And yet⁠—as Nellie said⁠—the women I met I liked.

“Get on with the lesson, my dear,” said I. “I am determined to learn and not to argue. What did your omnipresent new woman do to improve the human stock so fast?”

Then Nellie settled down in earnest and gave me all I wanted⁠—possibly more.

“They wakened as if to a new idea, to their own natural duty as mothers; to the need of a high personal standard of health and character in both parents. That gave us a better start right away⁠—clean-born, vigorous children, inheriting strength and purity.

“Then came the change in conditions, a change so great you’ve hardly glimpsed it yet. No more, never more again, please God, that brutal hunger and uncertainty, that black devil of want and fear. Everybody⁠—everybody⁠—sure of decent living! That one thing lifted the heaviest single shadow from the world, and from the children.

“Nobody is overworked now. Nobody is tired, unless they tire themselves unnecessarily. People live sanely, safely, easily. The difference to children, both in nature and nurture, is very great. They all have proper nourishment, and clothing, and environment⁠—from birth.

“And with that, as advance in special conditions for child-culture, we build for babies now. We, as a community, provide suitably for our most important citizens.”

At this point I opened my mouth to say something, but presently shut it again.

“Good boy!” said Nellie. “I’ll show you later.”

“The next is specialized care. That one thing is enough, almost, to account for it all. To think of all the ages when our poor babies had no benefit at all of the advance in human intelligence!

“We had the best and wisest specialists we could train and hire in every other field of life⁠—and the babies left utterly at the mercy of amateurs!

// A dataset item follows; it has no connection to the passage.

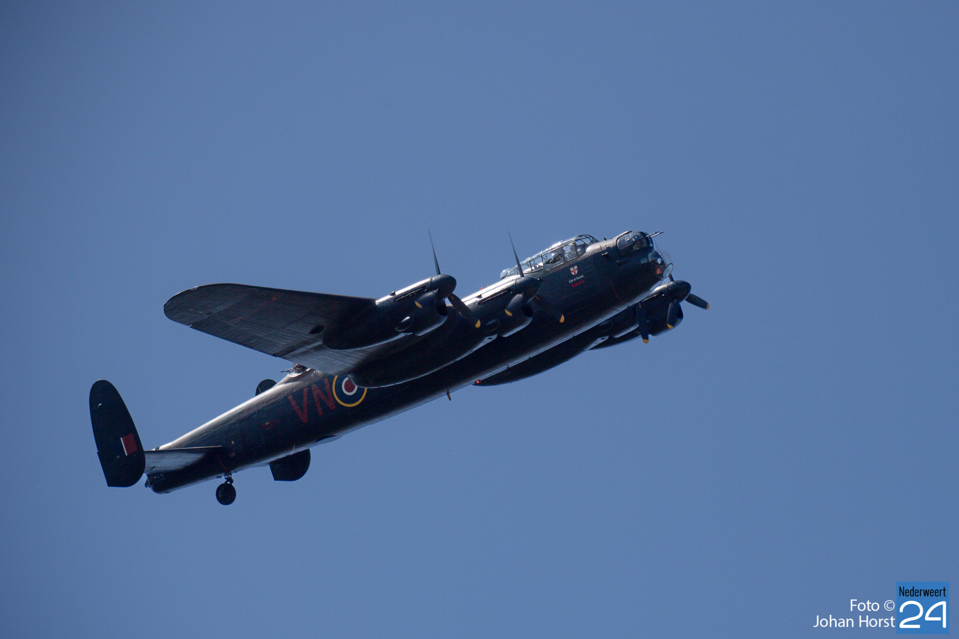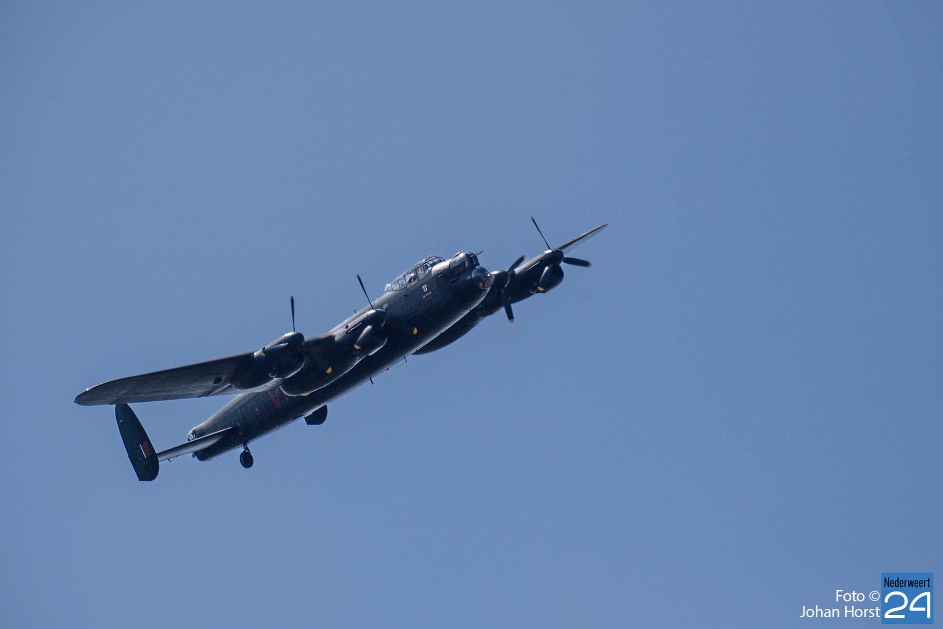 Ruim 77 jaar na de bevrijding van Zuid-Nederland vond woensdagmiddag in Heythuysen een flypast plaats van de authentieke AVRO Lancaster bommenwerper PA474 van de Battle of Britain Memorial Flight.
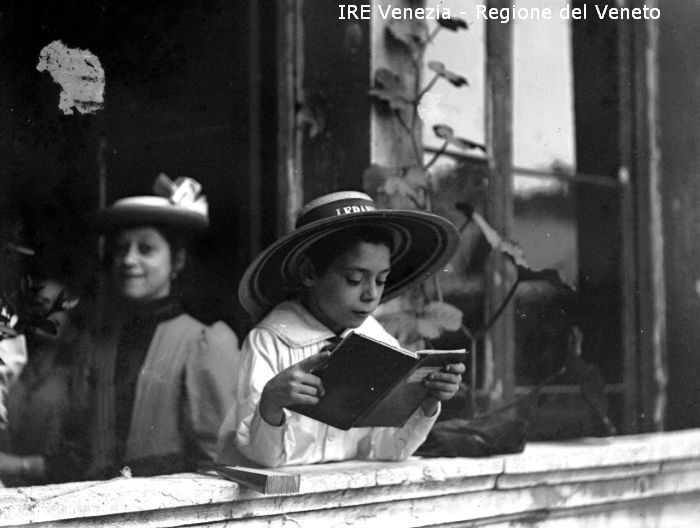 Ritratto di Aldo Filippi - Ritratto: all'esterno, mezza figura, in semi profilo - Bambino: appoggiato ad una balaustra, legge - Vestiario: camicia bianca, fiocco a pois, cappello - Fondale: terrazzo, finestra, pianta, bambina

“Well, I mustn’t stop to rage at past history. We do better now. John, guess the salary of the head of the baby-gardens in a city.”

“Oh, call it a million, and go on,” I said cheerfully; which somewhat disconcerted her.

“It’s as big a place as being head of Harvard College,” she said, “and better paid than that used to be. Our highest and finest people study for this work. Real geniuses, some of them. The babies, all the babies, mind you, get the benefit of the best wisdom we have. And it grows fast. We are learning by doing it. Every year we do better. ‘Growing up’ is an easier process than it used to be.”

“I’ll have to accept it for the sake of argument,” I agreed. “It’s the last point I care most for, I think. All these new consciousnesses you were so glib about. I guess you can’t describe that so easily.”

She grew thoughtful, rocking to and fro for a few moments.

“No,” she said at length, “it’s not so easy. But I’ll try. I wasn’t very glib, really. I spoke of religion, art, civics, science, industry, wealth, and efficiency, didn’t I? Now let’s see how they apply to the children.

“This religion⁠—Dear me, John! am I to explain the greatest sunburst of truth that ever was⁠—in two minutes?”

“Oh, no,” I said loftily. “I’ll give you five! You’ve got to try, anyway.”

So she tried.

“In place of revelation and belief,” she said slowly, “we now have facts and knowledge. We used to believe in God⁠—variously, and teach the belief as a matter of duty. Now we know God, as much as we know anything else⁠—more than we know anything else⁠—it is the fact of life.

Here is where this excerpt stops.